Der an gleicher Stelle bereits vorhandene Schulbau wurde erst 2010 vollständig saniert. Bei der von Ihnen erwähnten Flut im Jahr 2021 wurde er so stark beschädigt, dass eine erneute Instandsetzung nicht mehr wirtschaftlich darstellbar war. Die Zerstörung des Gebäudes als Chance für eine grundlegende Neuinterpretation der schulischen Anforderungen zu betrachten, war daher unser vorrangiges Ziel. Dies galt nicht nur für das Gebäude, sondern auch für die Außenräume, die durch die Maßnahme massiv aufgewertet werden sollten. Das Grundstück befindet sich in einem sehr heterogenen Kontext am Übergang zwischen Innenstadt und Randbezirk, geprägt von Wohngebäuden unterschiedlicher Größe und verschiedenen Alters. Mit dem Neubau soll ein Ort entstehen, der sich in gleichem Maße zum Stadtraum öffnet, wie er sich von seinem Umfeld abhebt.

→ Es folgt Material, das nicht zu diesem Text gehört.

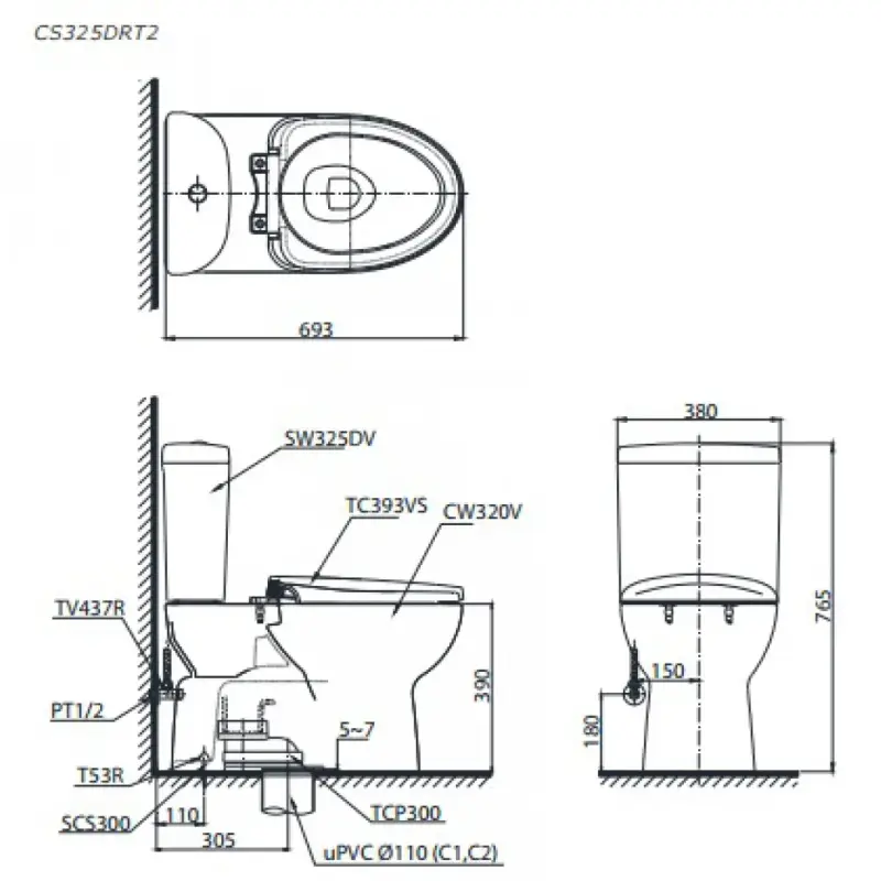 Bồn cầu 2 khối TOTO CS325DRT2 nắp TC393VS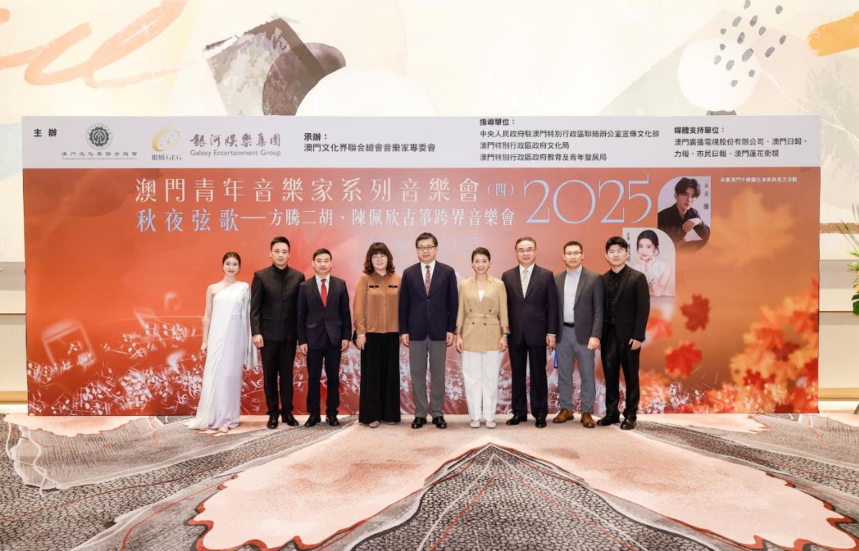 【環球新聞報訊】10月12日晚,由澳門文化界聯合總會與銀河娛樂集團聯合主辦,澳門文化界聯合總會音樂家專委會承辦的「澳門青年音樂家系列」《秋夜弦歌》音樂會,在銀河國際會議中心圓滿落幕。本地青年二胡演奏家方騰與古箏演奏家陳佩欣聯袂登台,以「傳統樂器,當代表達」為主題,帶領觀眾完成了一場穿越時空的音樂之旅。

Lageplan (© MoRe Architekten)
Wie fanden Sie zum vorgeschlagenen Gesamtbild?
Dem Entwurf ging eine sehr intensive Analyse der Aufgabenstellung voraus, im Zuge deren sich irgendwann der Wunsch, einen möglichst großen zusammenhängenden Schulhof zu schaffen, als oberste Priorität für uns herauskristallisierte. Parallel dazu war es uns ein Anliegen, die Baumasse der Schule in städtebaulich verträgliche Baukörper zu gliedern, die in Kombination wiederum sinnvoll bespielbare Außenräume für Vorplatz, Parken und den Außenbereich der Mensa bilden. In Modellstudien haben wir den polygonalen Baukörper entwickelt, der die genannten Anforderungen am besten erfüllt.

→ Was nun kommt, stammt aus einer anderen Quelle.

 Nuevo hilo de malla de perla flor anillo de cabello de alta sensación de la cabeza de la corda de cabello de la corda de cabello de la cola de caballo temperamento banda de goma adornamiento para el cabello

Der Neubau der Schule ermöglicht, eine moderne Lernlandschaft zu gestalten, die heutigen pädagogischen Konzepten entspricht. (© MoRe Architekten)
Wie organisieren Sie die neue Förderschule?
Das Raumprogramm der Förderschule wird, wie gesagt, in einem polygonalen Baukörper untergebracht, der in drei Teile gegliedert ist. Der mittlere Bauteil ist für die Gemeinschaftsbereiche wie Aula und Musiksaal vorgesehen. Die beiden anderen beherbergen in den Obergeschossen jeweils einen Lerncluster und im Erdgeschoss die Verwaltung beziehungsweise den Werkstattbereich. Die Organisation folgt dabei einer fraktalen Struktur, bei der sich das Ordnungsprinzip der Gesamtanlage in kleinerem Maßstab in den einzelnen Bauteilen wiederholt. Die Funktionen sind stets radial um ein natürlich belichtetes Zentrum angeordnet.
Grundriss Erdgeschoss (© MoRe Architekten)
Ansichten (© MoRe Architekten)
Welches architektonische Thema war Ihnen besonders wichtig?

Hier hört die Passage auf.